Entries shown
###
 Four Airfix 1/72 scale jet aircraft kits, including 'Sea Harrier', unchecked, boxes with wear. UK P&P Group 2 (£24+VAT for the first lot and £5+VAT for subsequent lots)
###
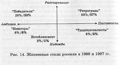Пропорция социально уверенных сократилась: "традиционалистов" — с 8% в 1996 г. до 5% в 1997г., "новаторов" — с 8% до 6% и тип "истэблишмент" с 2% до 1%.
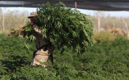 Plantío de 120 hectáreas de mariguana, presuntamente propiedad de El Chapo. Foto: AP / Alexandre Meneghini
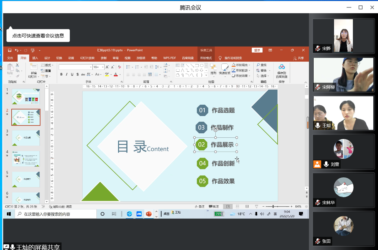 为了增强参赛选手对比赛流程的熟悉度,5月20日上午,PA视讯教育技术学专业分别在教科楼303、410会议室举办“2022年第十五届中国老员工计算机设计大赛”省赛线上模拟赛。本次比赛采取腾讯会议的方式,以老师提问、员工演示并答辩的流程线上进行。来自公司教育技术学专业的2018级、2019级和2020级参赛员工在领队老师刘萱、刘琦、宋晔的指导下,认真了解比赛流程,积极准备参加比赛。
###
Assigned task
Your answer is the exact run of lines above from the one with "Plantío de 120" through the one with "为了增强参赛选手对比赛流程的", both ends included, minus any picture.

Exercise result
 Plantío de 120 hectáreas de mariguana, presuntamente propiedad de El Chapo. Foto: AP / Alexandre Meneghini
 为了增强参赛选手对比赛流程的熟悉度,5月20日上午,PA视讯教育技术学专业分别在教科楼303、410会议室举办“2022年第十五届中国老员工计算机设计大赛”省赛线上模拟赛。本次比赛采取腾讯会议的方式,以老师提问、员工演示并答辩的流程线上进行。来自公司教育技术学专业的2018级、2019级和2020级参赛员工在领队老师刘萱、刘琦、宋晔的指导下,认真了解比赛流程,积极准备参加比赛。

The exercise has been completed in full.